## What is needed
Word for word, repeat the lines of the records from the first line up to and including the line that contains "首先,使用曲線類工具繪制mm", passing over any pictures.

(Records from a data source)
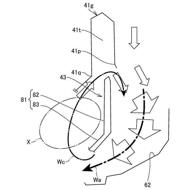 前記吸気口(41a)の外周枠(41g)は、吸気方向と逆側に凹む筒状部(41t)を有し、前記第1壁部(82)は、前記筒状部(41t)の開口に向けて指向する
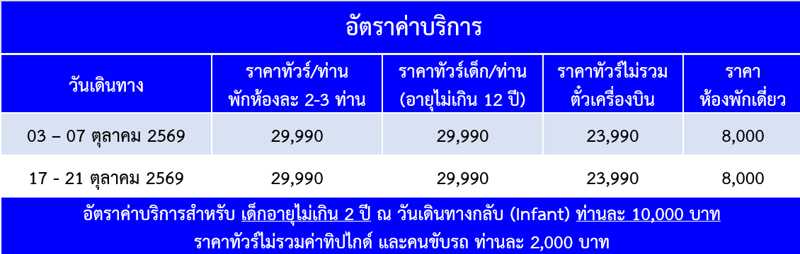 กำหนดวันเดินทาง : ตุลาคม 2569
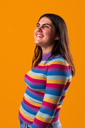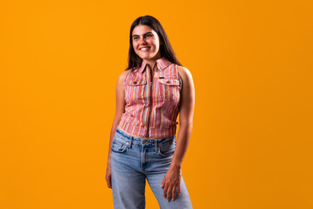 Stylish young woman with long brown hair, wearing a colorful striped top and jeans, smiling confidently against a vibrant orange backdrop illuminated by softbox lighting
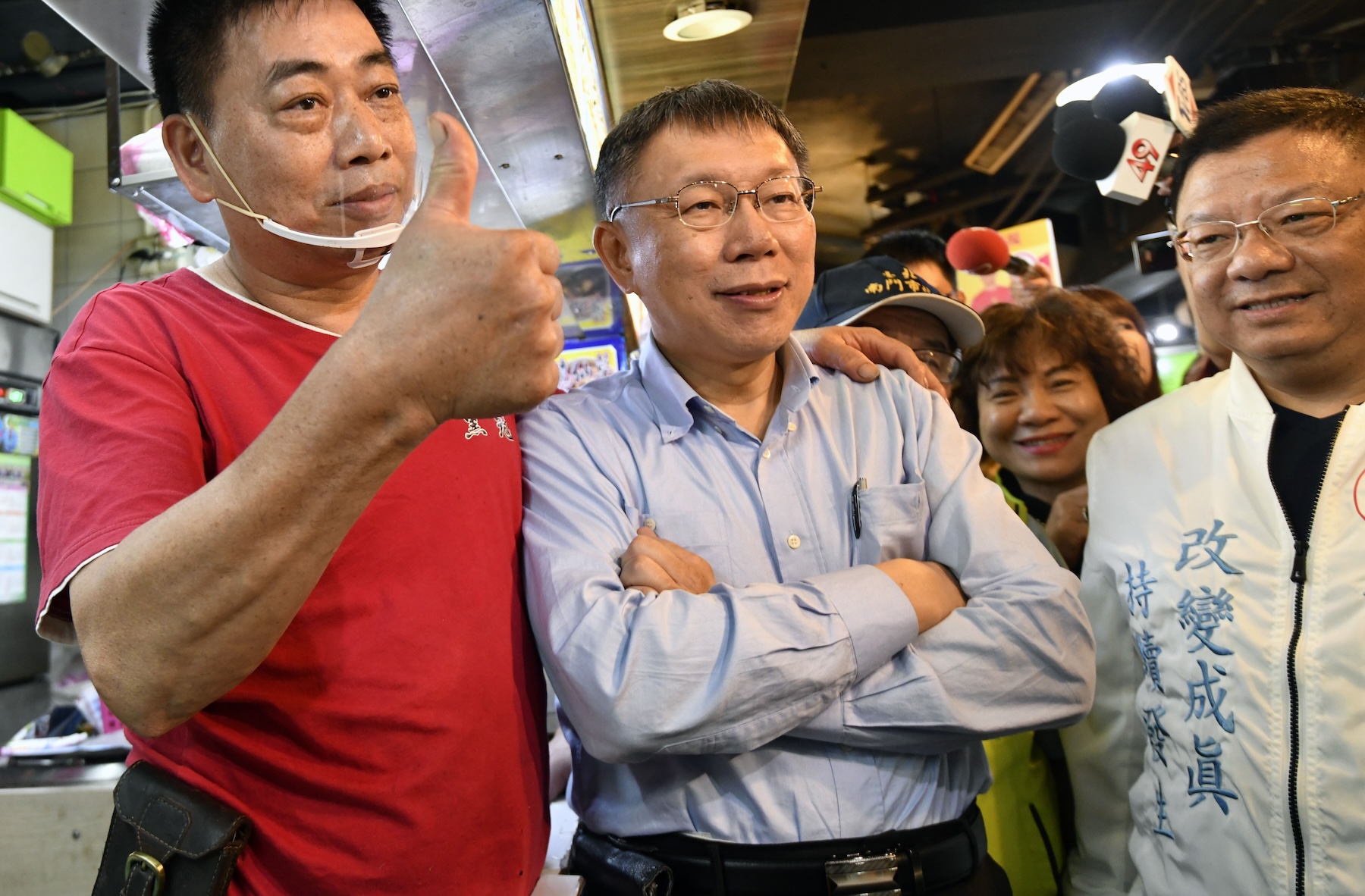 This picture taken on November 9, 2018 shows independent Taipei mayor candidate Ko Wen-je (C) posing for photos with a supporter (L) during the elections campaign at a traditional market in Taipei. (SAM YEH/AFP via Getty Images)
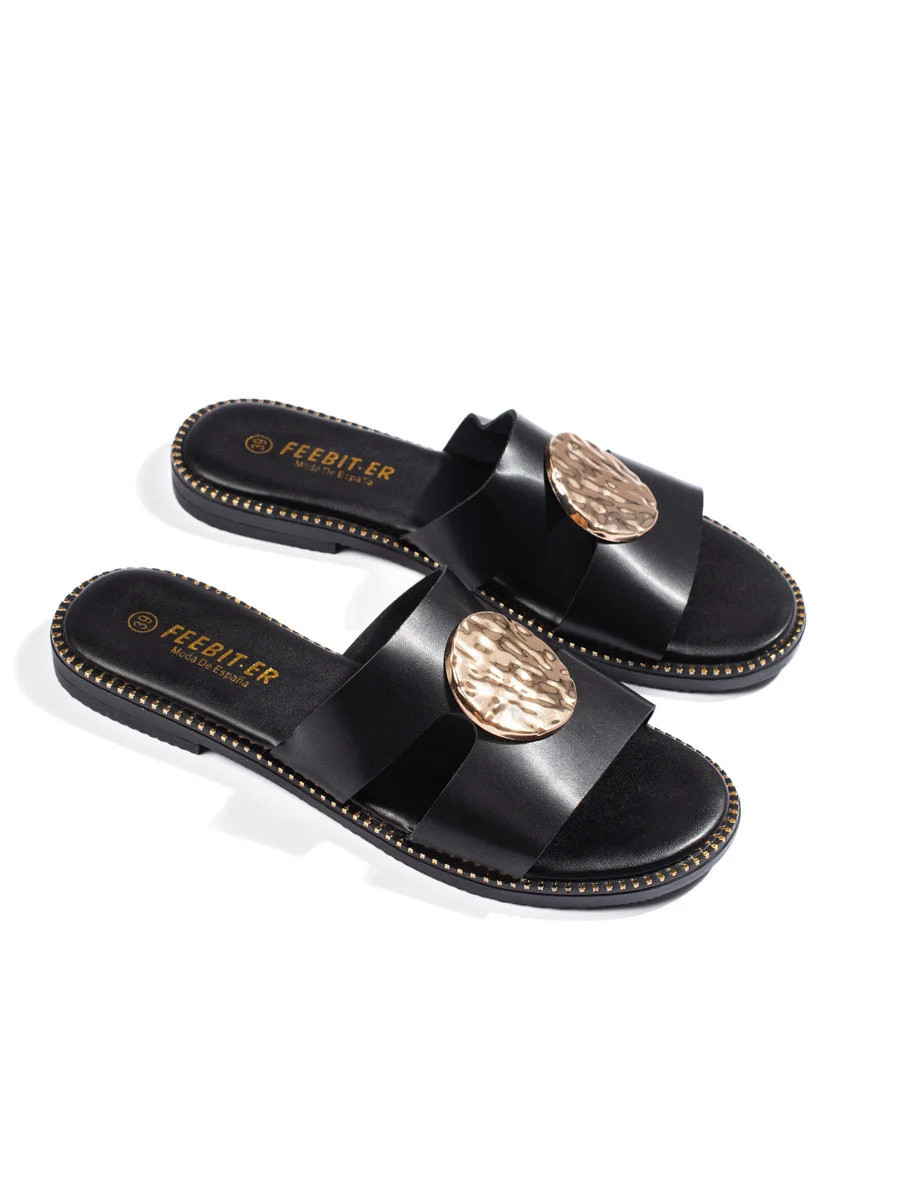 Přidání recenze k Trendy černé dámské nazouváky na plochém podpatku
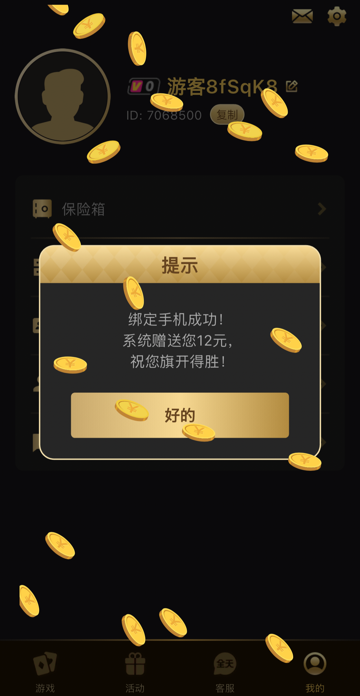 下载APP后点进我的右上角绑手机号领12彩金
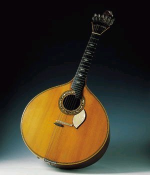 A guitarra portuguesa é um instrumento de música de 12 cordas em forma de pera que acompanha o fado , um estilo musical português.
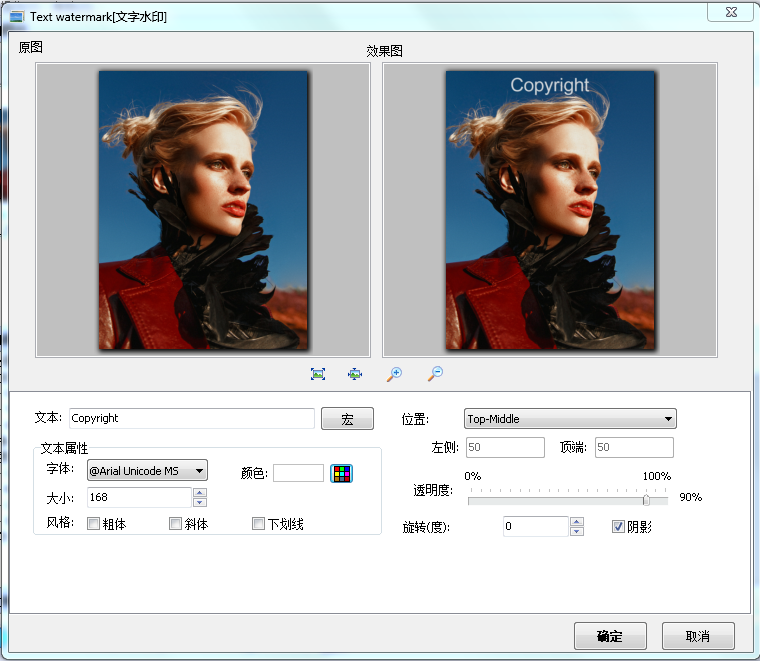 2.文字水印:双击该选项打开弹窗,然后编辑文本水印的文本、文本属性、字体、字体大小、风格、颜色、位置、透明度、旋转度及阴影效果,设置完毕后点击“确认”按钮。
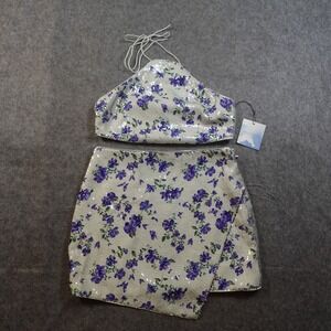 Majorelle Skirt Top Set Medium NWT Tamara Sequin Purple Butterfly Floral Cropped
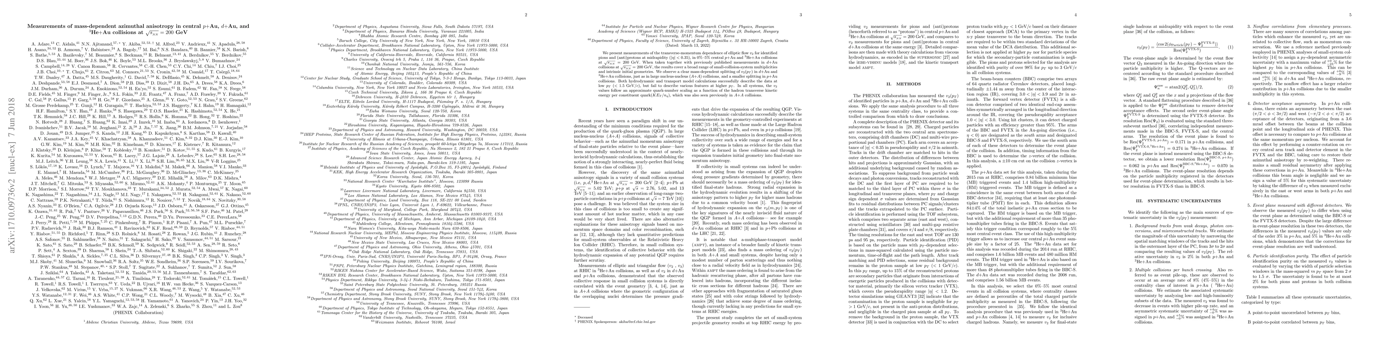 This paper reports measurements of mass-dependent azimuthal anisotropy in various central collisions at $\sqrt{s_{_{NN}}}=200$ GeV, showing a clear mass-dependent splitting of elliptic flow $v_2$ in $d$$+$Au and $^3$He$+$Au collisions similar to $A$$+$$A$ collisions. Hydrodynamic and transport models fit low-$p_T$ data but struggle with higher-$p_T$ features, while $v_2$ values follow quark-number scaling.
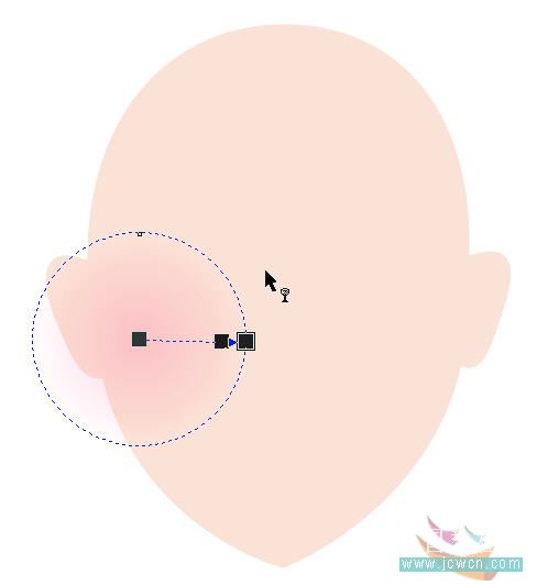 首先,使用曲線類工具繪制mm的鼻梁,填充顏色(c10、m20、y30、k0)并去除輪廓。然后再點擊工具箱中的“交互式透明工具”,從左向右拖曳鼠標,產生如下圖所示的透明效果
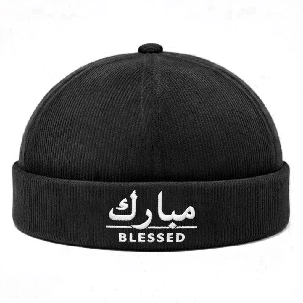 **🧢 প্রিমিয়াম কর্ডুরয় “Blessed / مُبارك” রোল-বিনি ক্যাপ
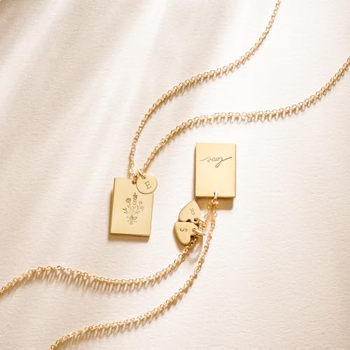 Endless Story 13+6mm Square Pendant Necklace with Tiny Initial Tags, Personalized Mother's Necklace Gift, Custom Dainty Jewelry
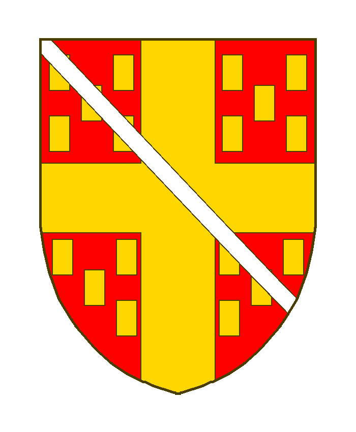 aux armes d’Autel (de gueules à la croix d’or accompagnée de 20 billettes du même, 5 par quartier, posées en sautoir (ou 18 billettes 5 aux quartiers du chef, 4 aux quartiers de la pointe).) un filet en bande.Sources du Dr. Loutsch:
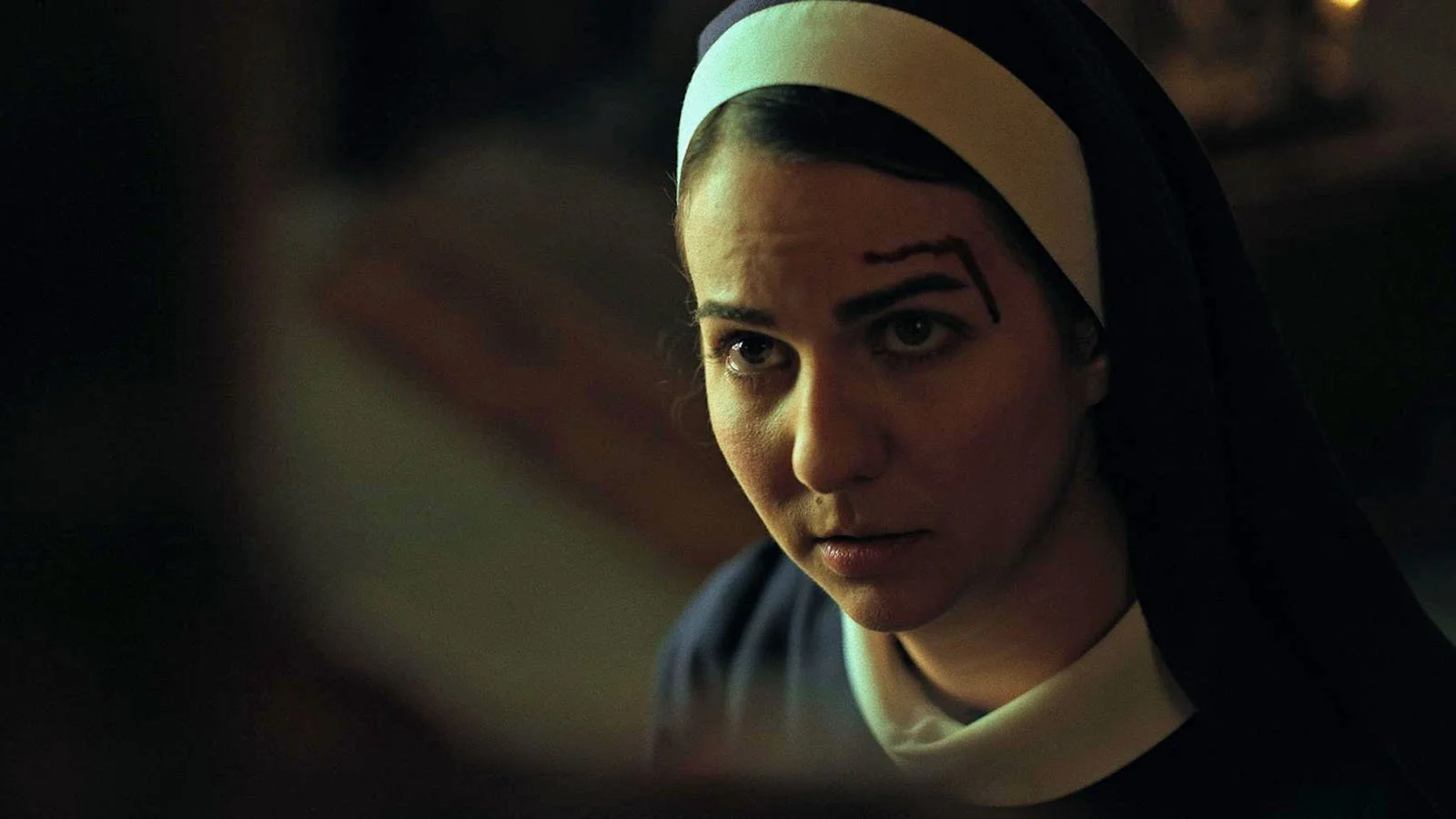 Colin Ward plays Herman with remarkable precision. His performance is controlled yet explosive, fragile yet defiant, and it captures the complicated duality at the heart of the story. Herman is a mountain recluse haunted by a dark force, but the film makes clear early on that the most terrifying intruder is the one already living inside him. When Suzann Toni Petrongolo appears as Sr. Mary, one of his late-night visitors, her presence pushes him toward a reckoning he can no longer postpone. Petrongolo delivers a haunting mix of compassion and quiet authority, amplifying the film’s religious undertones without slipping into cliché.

## Result for this task
 前記吸気口(41a)の外周枠(41g)は、吸気方向と逆側に凹む筒状部(41t)を有し、前記第1壁部(82)は、前記筒状部(41t)の開口に向けて指向する
 กำหนดวันเดินทาง : ตุลาคม 2569
 Stylish young woman with long brown hair, wearing a colorful striped top and jeans, smiling confidently against a vibrant orange backdrop illuminated by softbox lighting
 This picture taken on November 9, 2018 shows independent Taipei mayor candidate Ko Wen-je (C) posing for photos with a supporter (L) during the elections campaign at a traditional market in Taipei. (SAM YEH/AFP via Getty Images)
 Přidání recenze k Trendy černé dámské nazouváky na plochém podpatku
 下载APP后点进我的右上角绑手机号领12彩金
 A guitarra portuguesa é um instrumento de música de 12 cordas em forma de pera que acompanha o fado , um estilo musical português.
 2.文字水印:双击该选项打开弹窗,然后编辑文本水印的文本、文本属性、字体、字体大小、风格、颜色、位置、透明度、旋转度及阴影效果,设置完毕后点击“确认”按钮。
 Majorelle Skirt Top Set Medium NWT Tamara Sequin Purple Butterfly Floral Cropped
 This paper reports measurements of mass-dependent azimuthal anisotropy in various central collisions at $\sqrt{s_{_{NN}}}=200$ GeV, showing a clear mass-dependent splitting of elliptic flow $v_2$ in $d$$+$Au and $^3$He$+$Au collisions similar to $A$$+$$A$ collisions. Hydrodynamic and transport models fit low-$p_T$ data but struggle with higher-$p_T$ features, while $v_2$ values follow quark-number scaling.
 首先,使用曲線類工具繪制mm的鼻梁,填充顏色(c10、m20、y30、k0)并去除輪廓。然后再點擊工具箱中的“交互式透明工具”,從左向右拖曳鼠標,產生如下圖所示的透明效果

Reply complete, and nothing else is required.